Public Distance focuses on a modern public transportation scene, capturing a slice of urban life with delicate brushstrokes. In the painting, the masked figure is the visual core. The posture of focusing on the mobile phone accurately presents the “individual immersion” state of contemporary people in public spaces. The passengers scattered in the background, with vague yet vivid forms, construct the public field of the subway car. The connection between the figure and the background coincides with the theme of “public distance” — physical spaces are close, yet spiritual worlds are alienated due to electronic devices.
In terms of composition, the foreground figure and background passengers form a “near - real, far - virtual” layer. The figure occupies a prominent position on the right side of the painting, and the background extends the space with a scattered layout. The structure of the subway car (handrails, seats, doors, and windows) acts as an invisible frame, regulating the painting’s order while strengthening the “public space” attribute. It allows viewers to clearly perceive the tension between individual and group, private and public.
Color is a thermometer of emotions: The light beige of the figure’s clothing and the blue - gray of the mask convey the dullness of daily life; the warm yellow, pink - purple, and other tones in the background simulate the light atmosphere in the car, creating a visual experience of “tranquility in noise”. The handling of paint thickness (thick application on the figure’s hands and face for three - dimensionality, thin application on the background for haziness) distinguishes spatial layers. It also metaphorically represents the clear existence of individuals and the vague outlines of groups in public environments. Each color stroke tells the complex distance of modern social interactions.
The painting style belongs to realistic expressionism. It retains realism’s accurate restoration of scenes and figures (such as the subway car structure and clothing details of the figure) while using expressive brushstrokes (color blending in the background, texture outlining of clothing) to convey emotions. The looseness and compactness of brushstrokes (free blending in the background corresponding to detailed depiction of the figure) are not just technical choices but a visual interpretation of “public distance” — the clarity of individuals and the vagueness of groups are the true portrayal of modern public life.

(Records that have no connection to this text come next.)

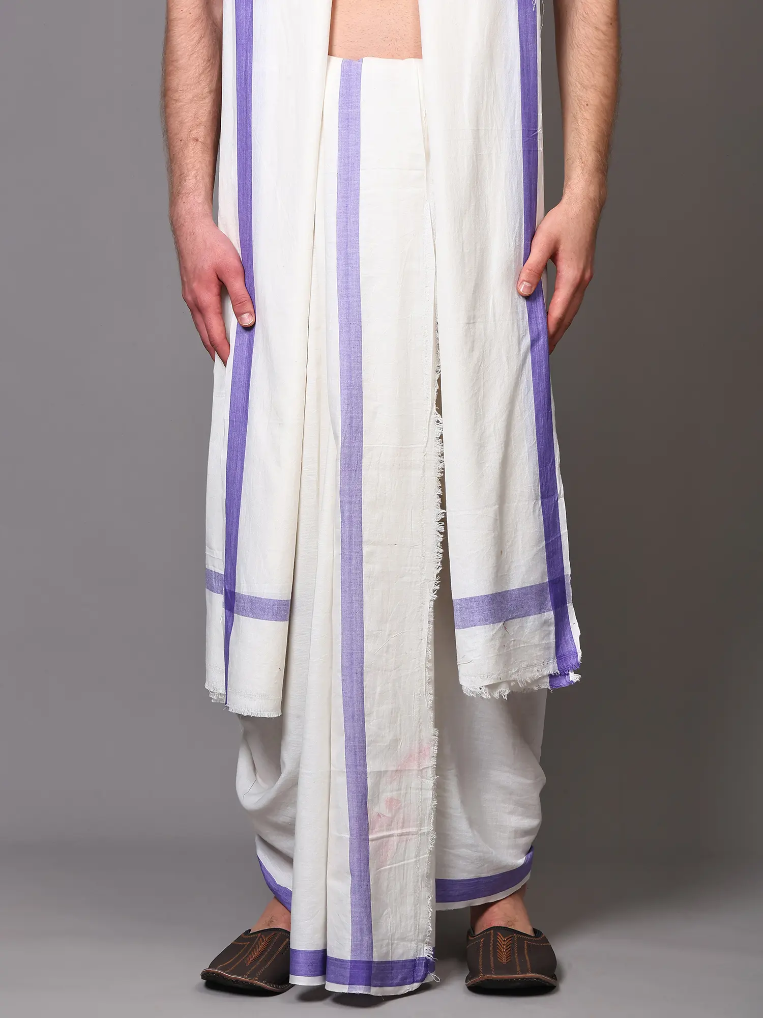 This set is more than just clothing; it's an experience. Whether you are attending religious ceremonies, cultural gatherings, festivals, or simply seeking to infuse your daily wardrobe with a touch of traditional charm, this dhoti and angavastram set is a perfect fit. The pure cotton fabric ensures it remains cool and comfortable even in warmer climates, making it a practical choice for any event. The neutral white of the dhoti and angavastram serves as a blank canvas, easily adaptable to different styling preferences and occasions. The gentle stripes provide a subtle yet distinctive accent that can be admired from afar and appreciated up close.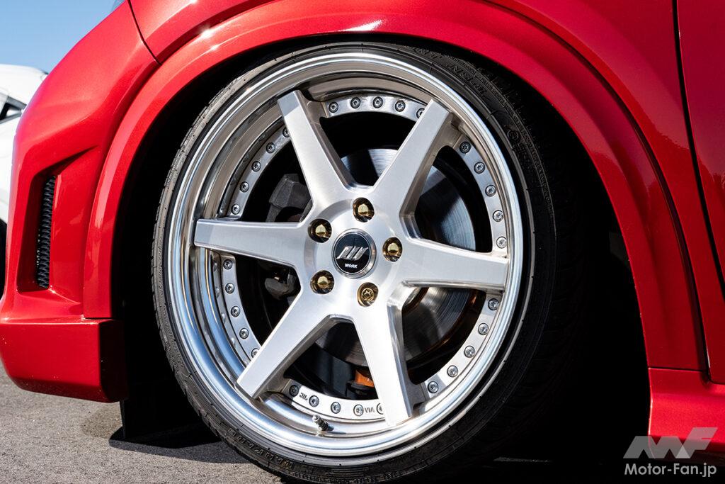 足回りにエアサスを組み込んでいるだけあり、リアフェンダーはタイヤどころかホイールにまでモロ被りするローフォルムを実現。圧倒的なカタマリ感を醸し出している。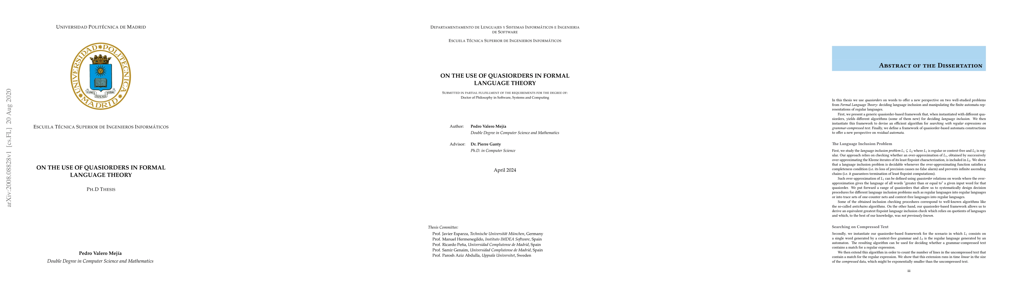 In this thesis we use quasiorders on words to offer a new perspective on two well-studied problems from Formal Language Theory: deciding language inclusion and manipulating the finite automata representations of regular languages. First, we present a generic quasiorder-based framework that, when instantiated with different quasiorders, yields different algorithms (some of them new) for deciding language inclusion. We then instantiate this framework to devise an efficient algorithm for searching with regular expressions on grammar-compressed text. Finally, we define a framework of quasiorder-based automata constructions to offer a new perspective on residual automata.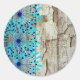 Pegatina Redonda Rústico País Viejo Barn Madera Flores azules Verde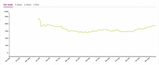 Vivienda-Guada-ventaEvolución de la vivienda en alquiler en Guadalajara. Fuente: idealista.comEn 2010, coincidiendo con el apogeo de la crisis inmobiliaria, en la ciudad de Guadalajara se pagaba en vivienda usada 2.360 euros/m2 en el casco histórico, según datos del portal inmobiliario más potente de España, idealista.com. El precio se derrumbó y casi 15 años después, en diciembre de 2024, el precio ha ido escalando hasta los 1.861 euros/m2, sin que sea una promoción especial; y no deja de subir. En cuanto a vivienda nueva, en el casco histórico se está llegando a pagar, ahora, cerca de 2.400 euros/m2.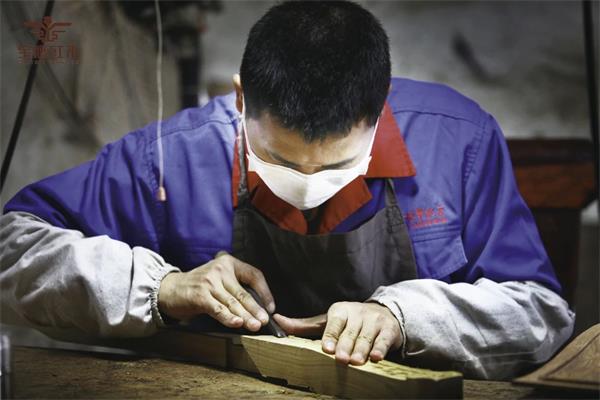 在家寶紅木生產車間,雕刻一個小的圖案就要多道工序甚至幾十把刀齊上陣,可謂是匠心巨制,千雕萬刻。

Emotions hide in detail folds: The figure’s immersion in the mobile phone is an active withdrawal from public socializing; the dispersion of background passengers is spiritual alienation under physical distance. The whole conveys “loneliness and connection in modern public life” — In public spaces, people generate distance due to electronic devices but share the same physical field. This contradictory emotion naturally emerges in the interweaving of colors and scattering of brushstrokes.
It evokes Edward Hopper’s capture of urban loneliness, yet this painting involves modern technology more. It also resembles Lucian Freud’s attention to figure details but focuses more on the group nature of public scenes. Using the specific subway scene and the figure’s mobile phone posture, it transforms the sense of distance in modern public life into perceptible visual language, telling viewers: Public distance lies in the visual layers of individual and group, and the collision between electronic devices and real scenes. When brushstrokes outline the mobile phone’s outline and colors render the car’s atmosphere, the contradictions and truths of “public distance” appear on the canvas, becoming a vivid footnote of modern urban life. Every gaze prompts reflection on the subtle relationships between people, and between people and public spaces in the technological era.